Дело не в том, что материальные силы и ограничения не принимаются во внимание или что они не оказывают реального влияния на культурный порядок. Речь идет о том, что характер воздействия не может быть выведен из характера сил, поскольку материальные эффекты зависят от их культурного охвата. . . . Практический интерес людей к производству символически конституируется. . . . Ничто в смысле их способности удовлетворять ма-териальную (биологическую) потребность не может объяснить, почему ... собаки [на Западе] несъедобны, а задние конечности бычка в высшей степени удовлетворяют потребность в еде.

В своей недавней истории американской бизнес-школы и ее роли в легитимизации, а затем и коррумпировании профессиональных менеджеров социолог Ракеш Хурана заявил: "Я исхожу из того, что идеологические интересы могут быть важными факторами в проекте профессионализации, и что их заявления иногда должны приниматься за чистую монету, ... наряду с социальными ролями и частными (материальными или властными) интересами".5 Точно так же социолог религии Родни Старк, ни в коем случае не пренебрегая материальными силами, призывает нас иногда принимать за чистую монету, или, во всяком случае, за некоторую ценность, реальное содержание ре-лигиозной доктрины.6 Иногда люди имеют в виду то, что они говорят, или, по крайней мере, случайно говорят о своем значении. Слова - это факты и для социальной науки.
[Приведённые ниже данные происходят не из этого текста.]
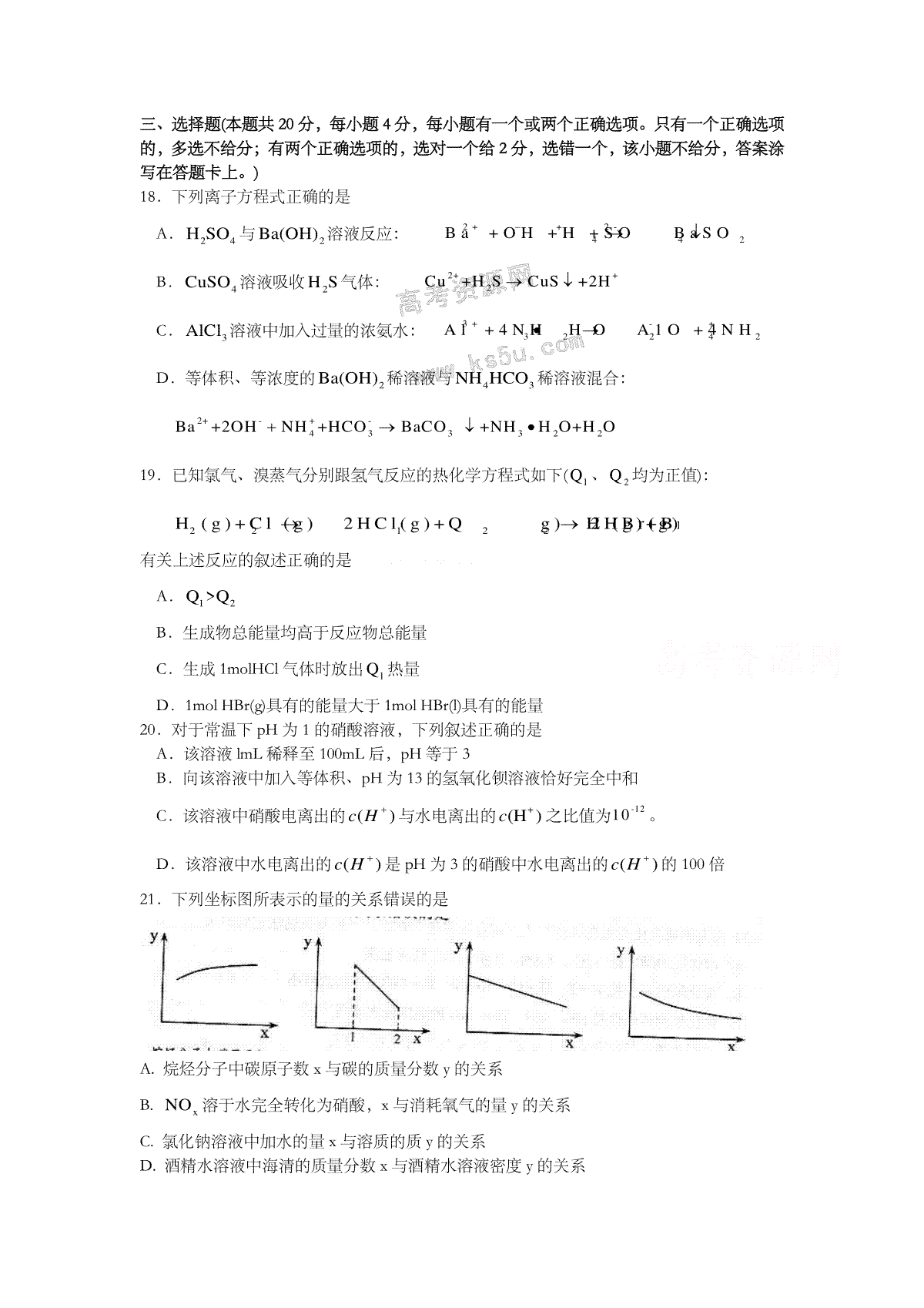 下载2009年上海市高考化学试题及答案PDF格式或doc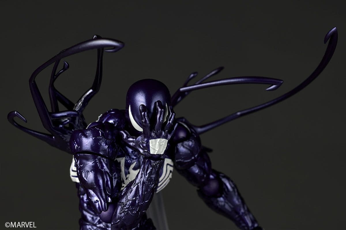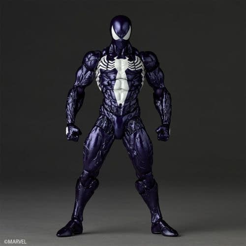 - Marvel Revoltech Symbiote Spider-Man debuts in a striking purple deco inspired by classic comic art.
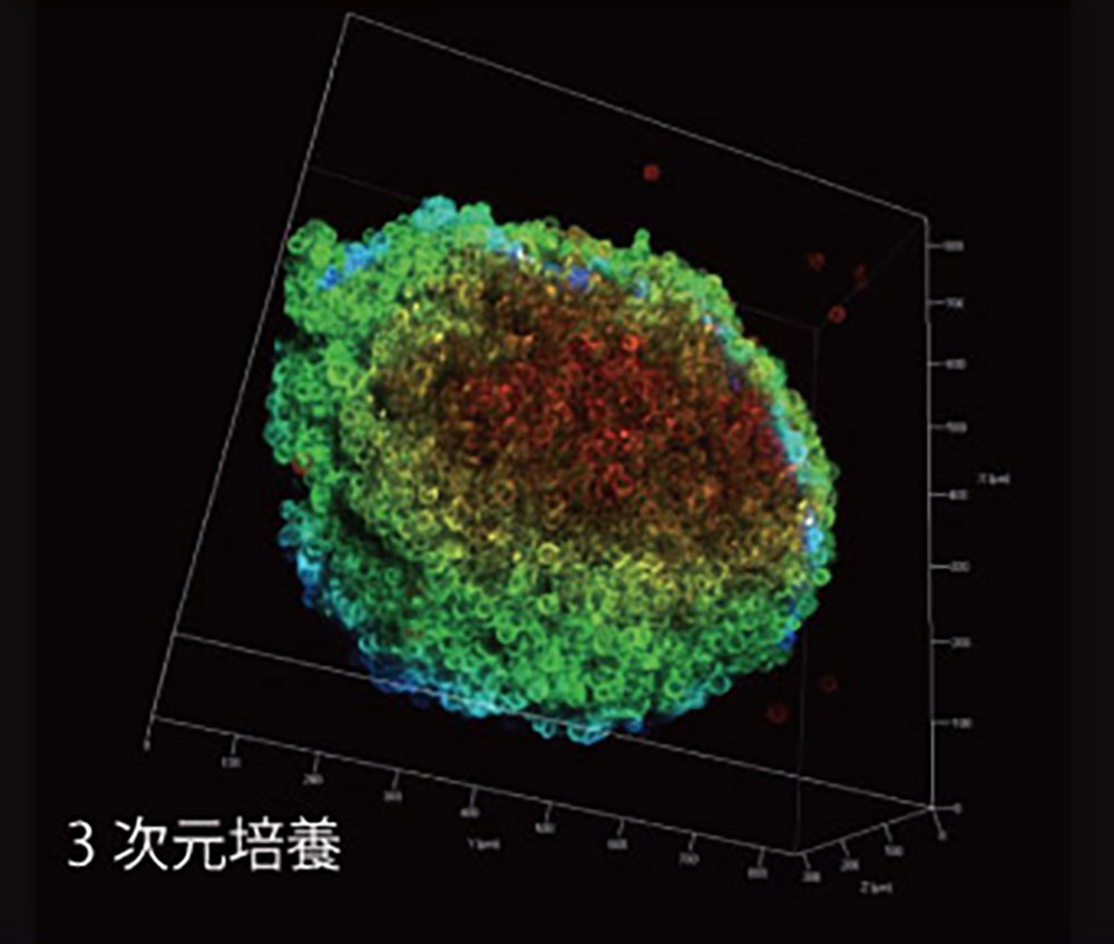 三维培养中细胞呈立体接触,细胞间的刺激传导是立体的。内部细胞不直接接触培养基或药物,通过扩散供应。

Настоящая книга косвенно поддерживает такой балансирующий шаг, рассматривая репрезентативную выборку очевидно перспективных материалистических и антириторических объяснений промышленной революции и современного мира - таких, как инвестиции или эксплуатация, или география, или внешняя торговля, или империализм, или генетика, или права собственности. Он находит их удивительно слабыми. Отсюда делается вывод (я допускаю пробел в выводах), что остальные объяснения, такие как идеи и риторика, должны быть сильными. (В двух последующих книгах будут предложены более позитивные доказательства изменений в риторике).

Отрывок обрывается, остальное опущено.